=== TASK DATA ===
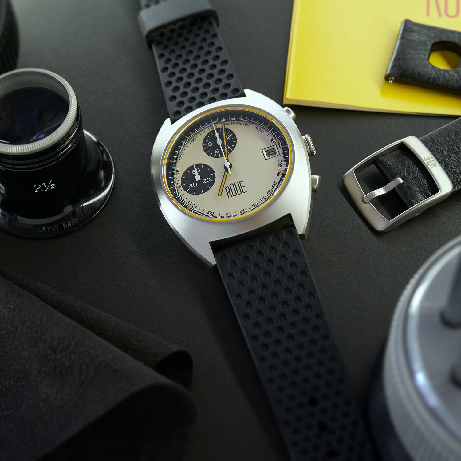 A tribute to those who make their mark, the CHR Chronograph is influenced by the 1970s. It draws from the golden days of Hunt, Lauda and Fittipaldi, and iconic motorsports cars like the psychedelic Porsche 917 and Ferrari 512M. Or the quirky Lancia Stratos and the concept Mercedes C111, preferably in orange. It's an homage to the first decade of the modern automobile era.
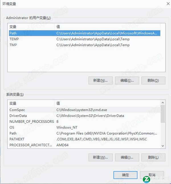 (3)点击窗口左侧的“更改我的环境变量”链接,控制面板将弹出窗口如下
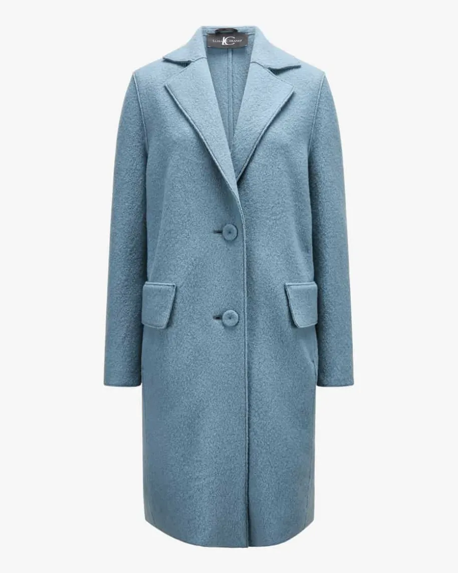 Wollmantel für Damen von Luisa Cerano in Blaugrau. Das Modell in hochwertigerSchurwolle überzeugt mit angenehmen Tragemomenten, während die schlichteAufmachung einen zeitlosen Begleiter für elegante Übergangslooks schaffen.
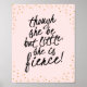 En vacker trycksak till din lilla flickas rums vägg som citerar Shakespeare, "även om hon är liten, är hon eldig!" i en djärv kursiv text med ett handskrivet utseende. Modern typografi djärvt tryckt i svart på en trendig blekrosa bakgrund dekorerad med guldfärgade konfettipunkter på övre och undre kanten.
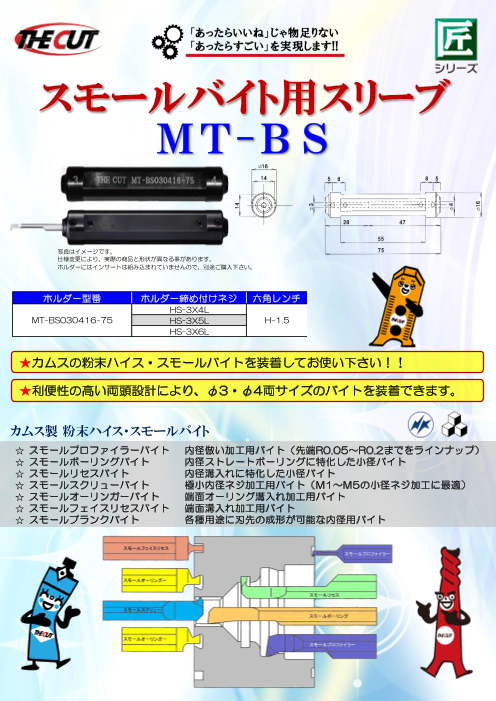 『MT-BS』スモールバイト用スリーブは、利便性の高い両頭設計により、φ3・φ4両サイズのバイトを装着できます。 カムスのハイス・スモールバイトを装着してお使い下さい。 【カムス製スモールバイト】 ■スモールプロファイラーバイト ・内径...
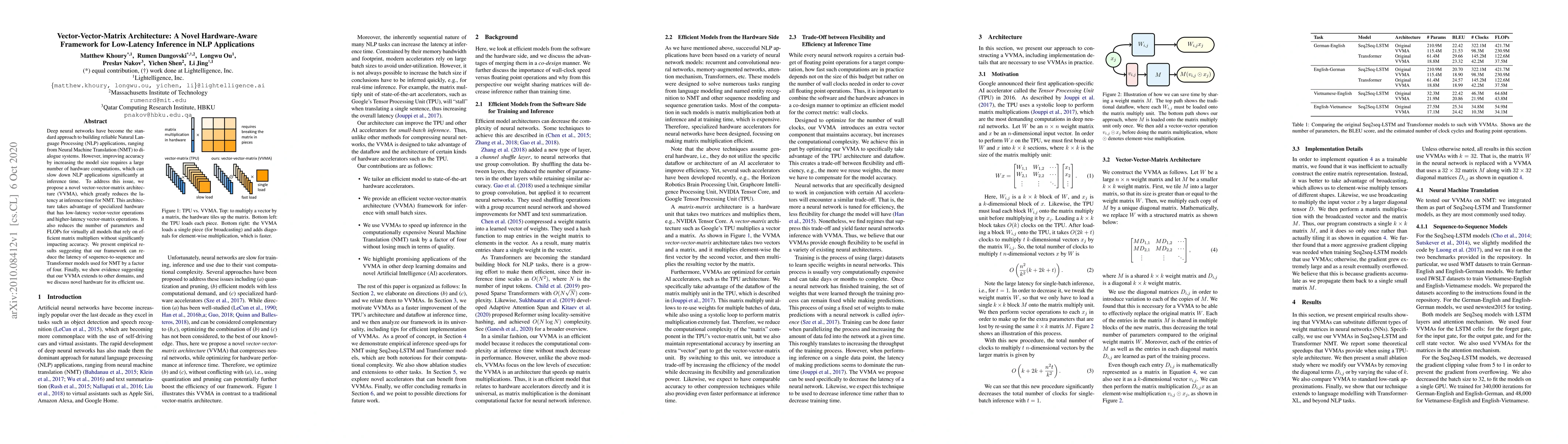 This paper proposes a vector-vector-matrix architecture (VVMA) to reduce inference latency in NLP applications like Neural Machine Translation by leveraging specialized hardware. It achieves significant reductions in latency without compromising accuracy.
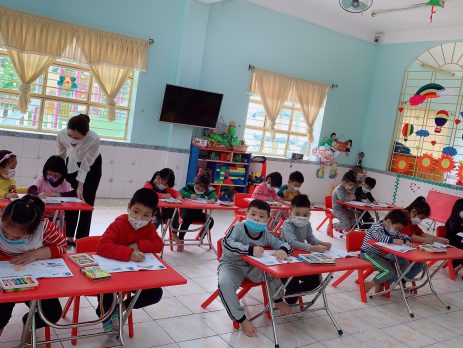 Các bạn lớp nhỡ 3 được nhận biết và làm quen với các chữ cái Nguồn: MN Hòa Tiến 1.
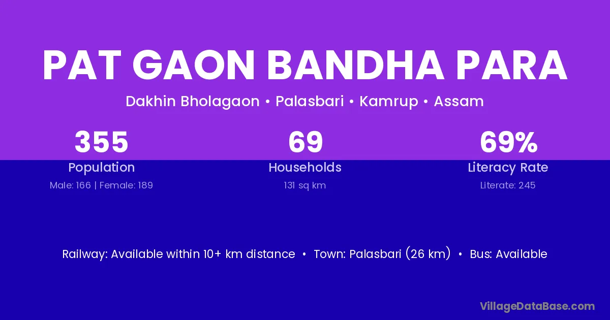 Palasbari (26 km) is the nearest town to Pat Gaon Bandha Para village for major economic activities and is located approximately 26 km away.
===
WHAT YOU WILL DO
Beginning with the line that contains "Các bạn lớp", write out every line through the last one in the records, exactly and without pictures.

OUTPUT FOR THIS TASK
 Các bạn lớp nhỡ 3 được nhận biết và làm quen với các chữ cái Nguồn: MN Hòa Tiến 1.
 Palasbari (26 km) is the nearest town to Pat Gaon Bandha Para village for major economic activities and is located approximately 26 km away.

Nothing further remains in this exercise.